Excuse me. If THEY had one stinkin' ounce of courage they would fight for their own families, their own land.
"A lot more courage than a pussy like you has ever demonstrated".
Well, Bucko, I personally went half way round the world to fight for people I didn't even know, for a land that wasn't even mine.
Again, I say that if THEY won't fight for THEIR OWN COUNTRY, they are cowardly scum that do not deserve to breathe the free air of the United States.

Note: edited to correct spelling


----------



## SOCOM42 (Nov 9, 2012)

Right on! Worth repeating



rice paddy daddy said:


> excuse me. If they had once stinkin' ounce of courage they would fight for their own families, their own land.
> "a lot more courage than a pussy like you has ever demonstrated".
> Well, bucko, i personally went half way round the world to fight for people i didn't even know, for a land that wasn't even mine.
> Again, i say that if they won't fight for their own country, they are cowardly scum that do not deserve to breathe the free air of the united states.


!


----------



## SOCOM42 (Nov 9, 2012)

Worth repeating again!



rice paddy daddy said:


> excuse me.
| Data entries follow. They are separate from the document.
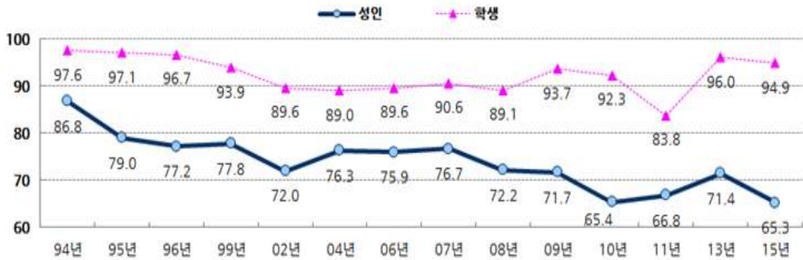
〈그림 1〉 국민 독서율 추이(1994~2015)

자료 : 문화체육관광부 · 한국출판연구소, 국민 독서실태 조사(1994~2015년)
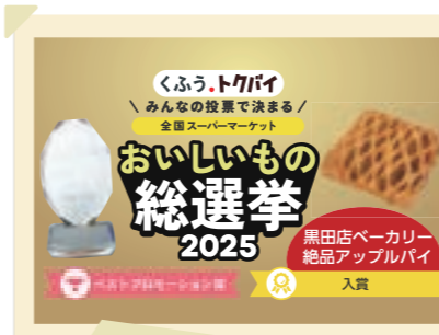
2026/1月 美味しいもの総選挙で ベストプロモーション賞受賞、 スイーツ部門賞受賞
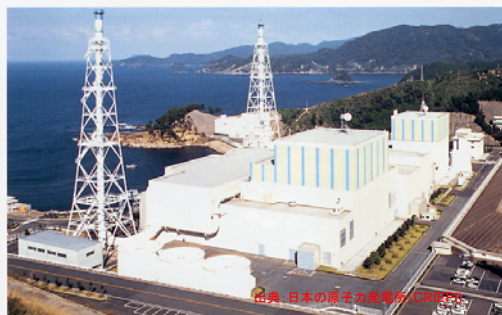
Shimane Nuclear Power Station ●Kashima-cho, Yatsuka-gun, Sh
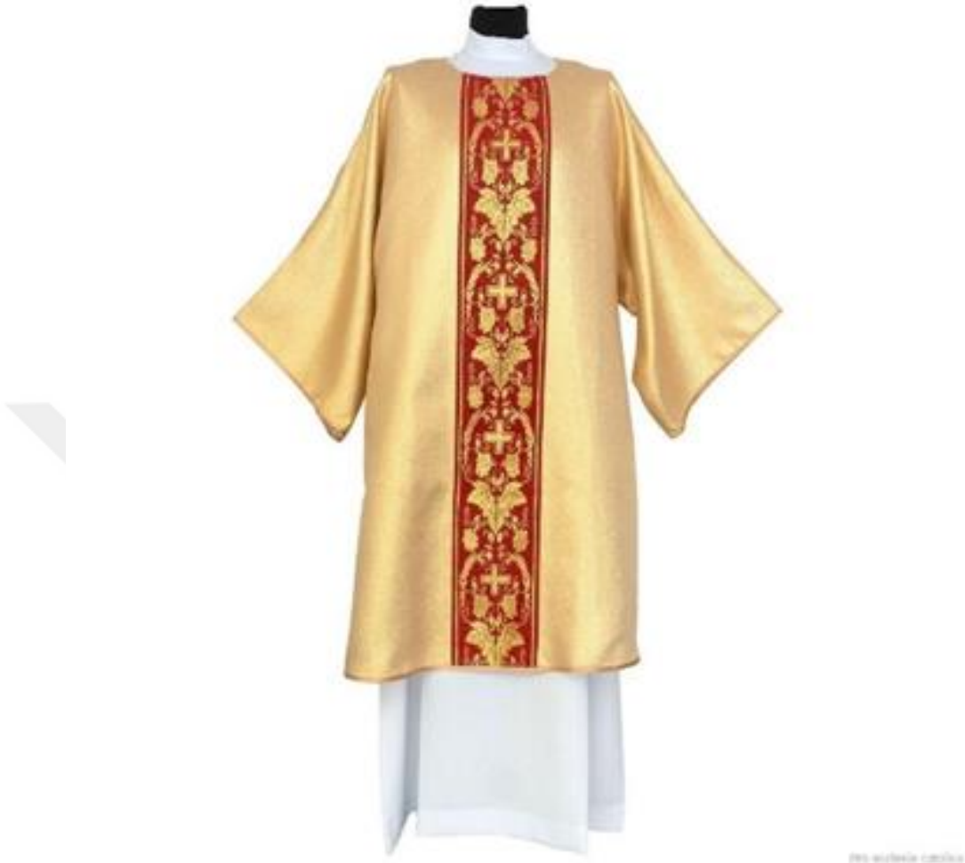
Şekil 21. Dalmatika 42

Arnavut halk giyimleri, kadınlar ve erkekler için farklı parçalar ve unsurlar içeren geniş bir mozaikten oluşur. Bu giyimler, zamanla, mevsimlere, ailelerin duygusal durumlarına (düğün, ölüm, kutlamalar vb.), dini ve ulusal bayramlara göre değişir. Ayrıca, farklı etnografik bölgelere göre de çeşitlenir. Ancak, dini inançlara dayalı farklılıklar neredeyse yoktur ve özellikle erkeklerin dini giyimleri arasında belirgin bir fark bulunmaz. Kadınlar arasında, özellikle Hasi bölgesinde, Katolik inancına sahip Zymi köylerindeki kadınlar, İslam inancına sahip Zymi köylerindeki kadınlardan farklı giyinirler.
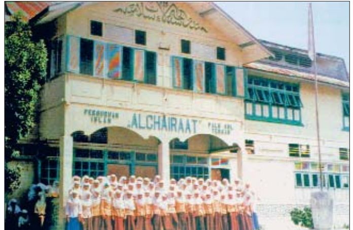
Endonezya'nın Sulavesi adasındaki Palu'da dini bir okul ve öğrencileri
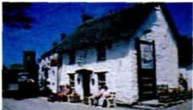
4 ..... old house
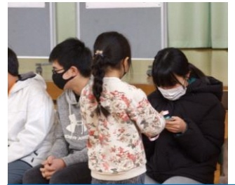
1年生からプレゼント

各学年の発表の終わりに「6年生からの〇〇対決」がありました。けん玉リレー・九九・なわとび・二人三脚・むかで競走など競い合いました。後輩を楽しませようと考えた6年生の温かさに感激しました。そして、後輩たちに「がんばれ！」「たのんだぞ！」の励ましを心から送ってくれました。
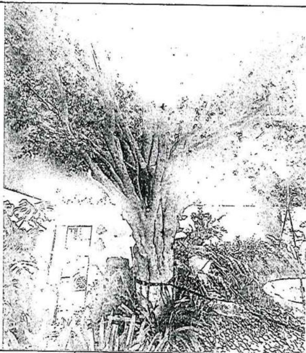
Arbol 1 Ficus ( Ficus benjamina )

DIRECCIÓN GENERAL DE MEDIO AMBIENTE, DESARROLLO SUSTENTABLE Y FOMENTO ECONÓMICO DIRECCIÓN DE ORDENAMIENTO ECOLÓGICO Y EDUCACIÓN AMBIENTAL SUBDIRECCIÓN DE ORDENAMIENTO ECOLÓGICO
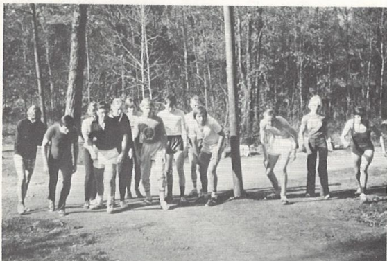
Starten går i terränglöpningen, en av grenarna i 6-kampen.
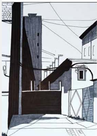
#10 Савезн М.А. Зарисовка петербургского двора
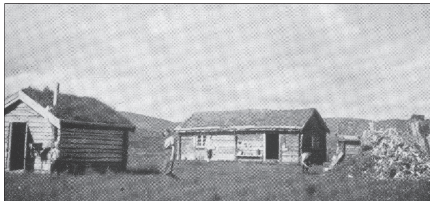
I 1923 hadde TT store planer ved Aalbusetra ved Orkelsjøen.

turistkvarter på setrene sine i Setaldalen (eller "Saatteldalen, som det står i TTs årsberetninger). Tilsammen var det omlag 15 senger på de to setrene og eierne forkynte planer om ytterligere utbygging.
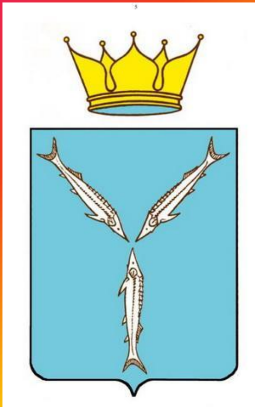
Герб Саратовской области
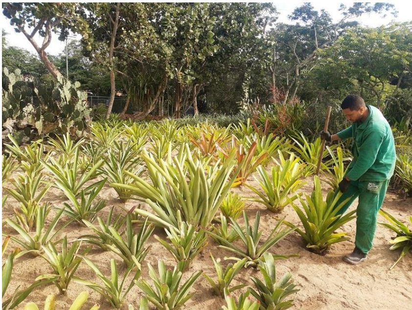
Funcionário realizando replantio de Bromélias.
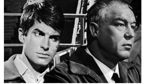
1965 L'HOMME DE MARRAKECH de Jacques Deray avec Georges Hamilton
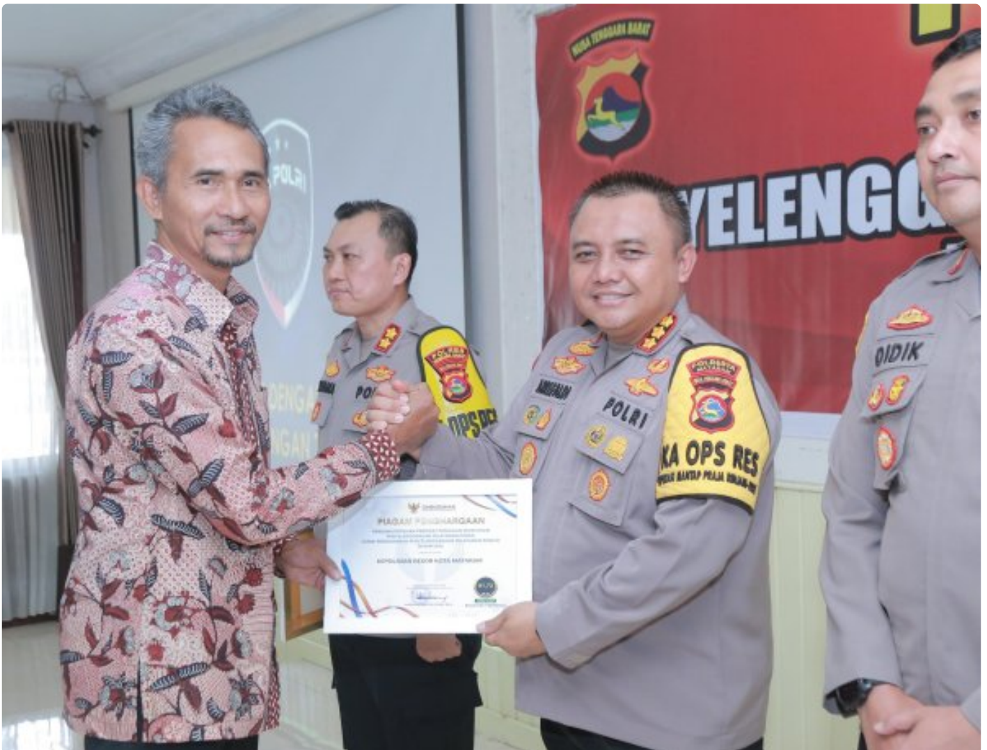
Kapolresta Mataram saat menerima Penghargaan dari Ombudsman RI perwakilan NTB, Kamis (19/12/2024)

MATARAM, NTB – Polresta Mataram kembali mengukir prestasi dengan meraih Predikat Kepatuhan Penyelenggaraan Pelayanan Publik Tahun 2024 dari Ombudsman NTB. Polresta Mataram menjadi salah satu dari delapan Polres/ta
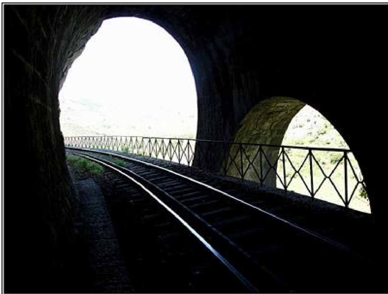
L'entrée du tunnel vue depuis l'intérieur de sa casquette de protection

Si cette fiche comporte des erreurs ou des oublis, merci de nous le signaler.

If they had once stinkin' ounce of courage they would fight for their own families, their own land.
> "a lot more courage than a pussy like you has ever demonstrated".
> Well, bucko, i personally went half way round the world to fight for people i didn't even know, for a land that wasn't even mine.
> Again, i say that if they won't fight for their own country, they are cowardly scum that do not deserve to breathe the free air of the united states.


----------



## SOCOM42 (Nov 9, 2012)

For the most part those bastards are wimp asses that use IED's, and will only engage in open combat when they have a 10-1 ratio advantage.
They are brave pieces of shit when they can kill unarmed civilians. Like in paris.
Like any roach, they need to be exterminated.


----------



## Gunner's Mate (Aug 13, 2013)

Interesting that the whole of the middle east and N. Africa dont want their muslim brother refugees, Just Sayin


----------



## NotTooProudToHide (Nov 3, 2013)

I see this remains a fiercely debated topic even here.

I agree with RalphRotten in that we should do what we can to help some people that have come from hell and back caught between a brutal dictator who kills everybody who doesn't support him and a brutal terrorist group that kills everybody who doesn't share their beliefs and forces people to join their ranks. If I had the misfortune to be born in Syria there is no doubt I would be trying to get the hell out.

That being said, the UN screening process is a joke, see Paris for further. Our government has an obligation to keep us safe, its part of the social contract between a government and its people. Personally I don't think an FBI background check is a terrible price to pay for admission into the United States without a doubt the best nation on planet Earth to live in. I would take things a step further and have all refugees initially housed in a refugee center where they would be fed/clothed/given medical care/basically be given all the necessary amenities but they would not be allowed to leave said center for period of time based on the findings of the FBI background check. When they are allowed to leave and resettle the population should be broken up so that there is no major concentration. Families would be kept together but that would be the extent, and no communication devices would be allowed until they reached their destination and the refugees would not be told in advanced of where they are going. Once resettled there should be some kind of ongoing monitoring/check in process similar to probation/parole for a period of time. After which the person/family should be considered vetted and allowed to pursue citizenship if they want. Ive let others know my opinion and I've been told what a terrible violation of civil rights this is, but I think it allows people to escape a hell hole to the best and most prosperous nation on earth while giving some level of protection to US citizens from those that would mean them harm. Its not a perfect system but we live in an imperfect world right now which is why I and I suspect many of you conceal carry on a daily basis.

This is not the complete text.